Murrell’s practice of crossing boundaries, she said, is part of everything she does at the University. One of Murrell’s major initiatives during her first year was the creation of “scholar communities.” These groups of faculty and students across disciplines, majors, areas of expertise and personal interests come together and work on projects, activities, research and events centered around a common theme.

One of the first scholar communities focused on food ecosystems — “resilient” food systems with a proper balance between economic, social and environmental sustainability. Murrell said projects are being organized to partner with Food21 — an organization focused on building a resilient and sustainable food economy for the Pittsburgh region — to help areas negatively impacted by the COVID-19 crisis.

The Honors College plans to launch two additional scholar communities in the near future. One will partner with the Pittsburgh Collaboratory for Water Research, Education and Outreach and with the Water Institute of the Gulf in New Orleans, to work on solving issues of water quality, water policy and socio-economic resilience in Southwestern Pennsylvania and across the nation.

The other new community will include Pitt’s Horror Studies Working Group, the Film and Media Studies Program, Center for International Studies, University Library System, University English Department and the George A. Romero Foundation to better understand horror, educate others and promote the horror genre in all media forms, countries of origin and historical periods.

Dave Hornyak, the assistant dean of the Honors College, said Murrell has refined the mission by formalizing the requirements for the Honors College and distinction.

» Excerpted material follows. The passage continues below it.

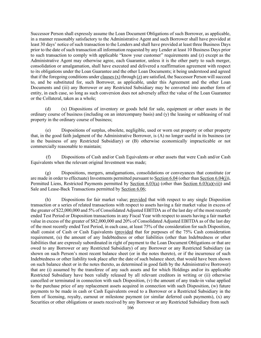 166 Successor Person shall expressly assume the Loan Document Obligations of such Borrower, as applicable, in a manner reasonably satisfactory to the Administrative Agent and such Borrower shall have provided at least 30 days’ notice of such transaction to the Lenders and shall have provided at least three Business Days prior to the date of such transaction all information requested by any Lender at least 10 Business Days prior to such transaction to comply with applicable “know your customer” requirements and (z) except as the Administrative Agent may otherwise agree, each Guarantor, unless it is the other party to such merger, consolidation or amalgamation, shall have executed and delivered a reaffirmation agreement with respect to its obligations under the Loan Guarantee and the other Loan Documents; it being understood and agreed that if the foregoing conditions under clauses (x) through (z) are satisfied, the Successor Person will succeed to, and be substituted for, such Borrower, as applicable, under this Agreement and the other Loan Documents and (iii) any Borrower or any Restricted Subsidiary may be converted into another form of entity, in each case, so long as such conversion does not adversely affect the value of the Loan Guarantee or the Collateral, taken as a whole; (d) (x) Dispositions of inventory or goods held for sale, equipment or other assets in the ordinary course of business (including on an intercompany basis) and (y) the leasing or subleasing of real property in the ordinary course of business; (e) Dispositions of surplus, obsolete, negligible, used or worn out property or other property that, in the good faith judgment of the Administrative Borrower, is (A) no longer useful in its business (or in the business of any Restricted Subsidiary) or (B) otherwise economically impracticable or not commercially reasonable to maintain; (f) Dispositions of Cash and/or Cash Equivalents or other assets that were Cash and/or Cash Equivalents when the relevant original Investment was made; (g) Dispositions, mergers, amalgamations, consolidations or conveyances that constitute (or are made in order to effectuate) Investments permitted pursuant to Section 6.04 (other than Section 6.04(j)), Permitted Liens, Restricted Payments permitted by Section 6.03(a) (other than Section 6.03(a)(vii)) and Sale and Lease-Back Transactions permitted by Section 6.06; (h) Dispositions for fair market value; provided that with respect to any single Disposition transaction or a series of related transactions with respect to assets having a fair market value in excess of the greater of $22,000,000 and 5% of Consolidated Adjusted EBITDA as of the last day of the most recently ended Test Period or Disposition transactions in any Fiscal Year with respect to assets having a fair market value in excess of the greater of $82,000,000 and 20% of Consolidated Adjusted EBITDA as of the last day of the most recently ended Test Period, in each case, at least 75% of the consideration for such Disposition, shall consist of Cash or Cash Equivalents (provided that for purposes of the 75% Cash consideration requirement, (u) the amount of any Indebtedness or other liabilities (other than Indebtedness or other liabilities that are expressly subordinated in right of payment to the Loan Document Obligations or that are owed to any Borrower or any Restricted Subsidiary) of any Borrower or any Restricted Subsidiary (as shown on such Person’s most recent balance sheet (or in the notes thereto), or if the incurrence of such Indebtedness or other liability took place after the date of such balance sheet, that would have been shown on such balance sheet or in the notes thereto, as determined in good faith by the Administrative Borrower) that are (i) assumed by the transferee of any such assets and for which Holdings and/or its applicable Restricted Subsidiary have been validly released by all relevant creditors in writing or (ii) otherwise cancelled or terminated in connection with such Disposition, (v) the amount of any trade-in value applied to the purchase price of any replacement assets acquired in connection with such Disposition, (w) future payments to be made in cash or Cash Equivalents owed to a Borrower or a Restricted Subsidiary in the form of licensing, royalty, earnout or milestone payment (or similar deferred cash payments), (x) any Securities or other obligations or assets received by any Borrower or any Restricted Subsidiary from such

“She is creating an environment which encourages scholarship of impact among Pitt students,” Hornyak said. “I admire her passion, energy, never-ending ideas, but most of all, I admire her commitment to the students at Pitt. She lives the values she speaks.”

Murrell also implemented many significant changes to the Honors College experience for first-year students. For last academic year, she introduced a new requirement that first-year honors students live in Sutherland Hall. But this requirement has been lifted for the upcoming academic year after student backlash. Honors students now have the option to live in the honors housing units in Sutherland or Brackenridge halls, or opt out of honors housing entirely.

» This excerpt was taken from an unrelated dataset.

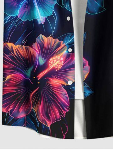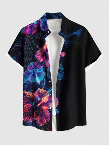 Chemise hawaïenne grande taille à imprimé tropical, fleurs d'hibiscus et feuilles, avec poches et boutons, pour homme - Noir - Noir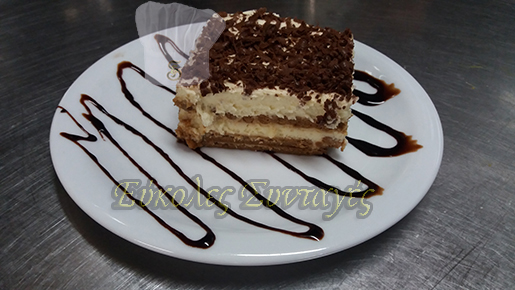 στον πάτο του πυρέξ ή του ταψιού, διπλή στρώση μπισκότα. Στρώνουμε το μισό από

Another change for Murrell’s first year was the addition of a new joint-degree program. This new program requires completion of the Honors Outside the Classroom Curriculum and 24 credits, while maintaining a 3.25 GPA. After completing all of the requirements, students will earn a “with honors” distinction on their diploma. Students in this program also have access to priority course registration, priority access to certain housing options and a personal mentor to help in their academic journey.

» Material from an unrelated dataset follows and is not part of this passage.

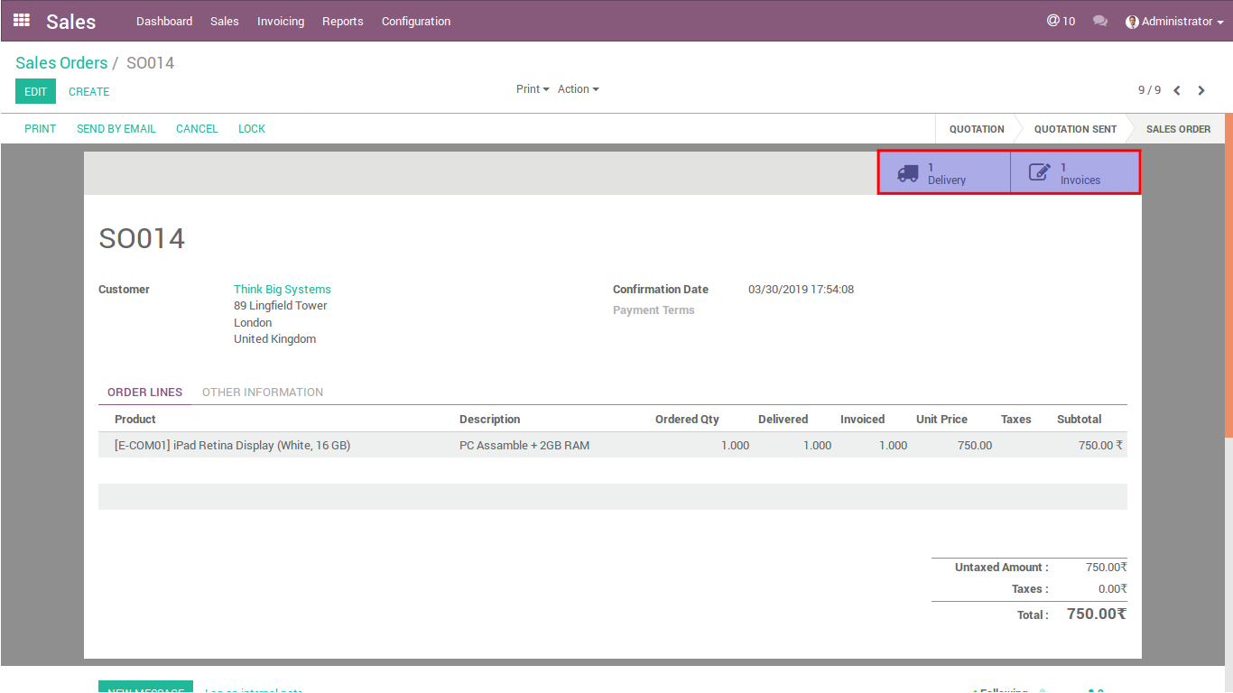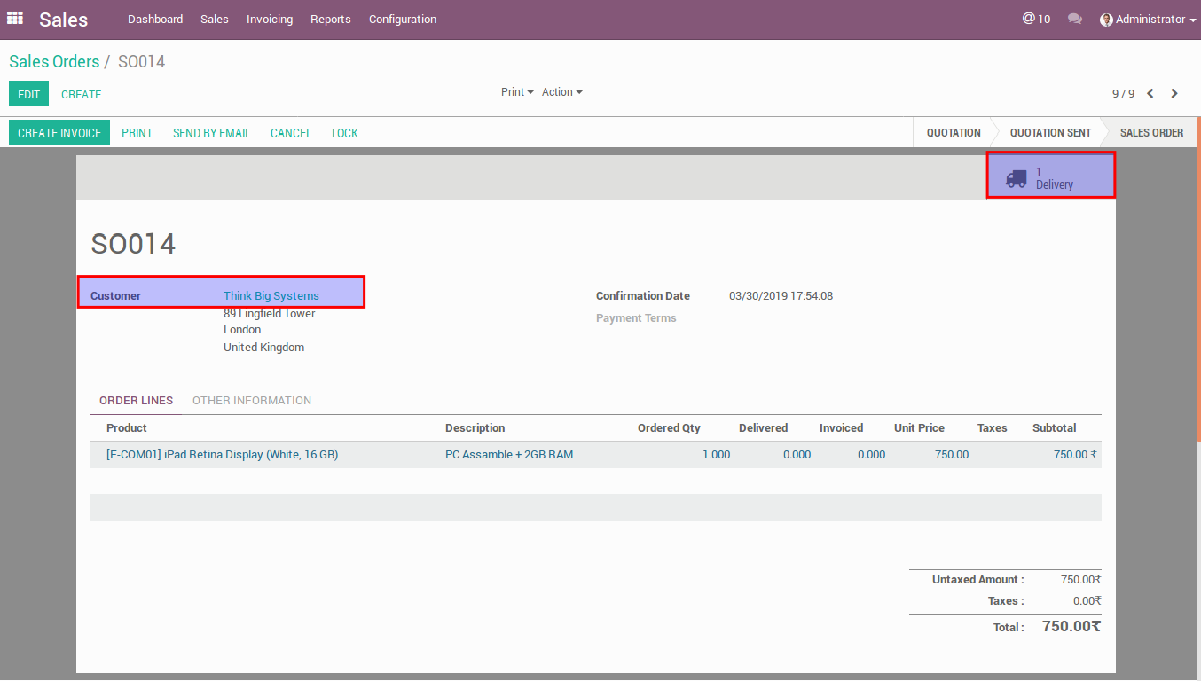 . Below image is a sale order without Customer Invoice.

In order for students to take advantage of all upcoming projects, Murrell said, she advises incoming first-years to ask lots of questions and to keep in mind that learning takes place both inside and outside of classrooms.

“Pitt has a lot to offer our students and there is no way you can navigate this experience alone,” Murrell said. “Get involved in student organizations, activities, alumni events, community service projects and other opportunities to connect with people across the campus.”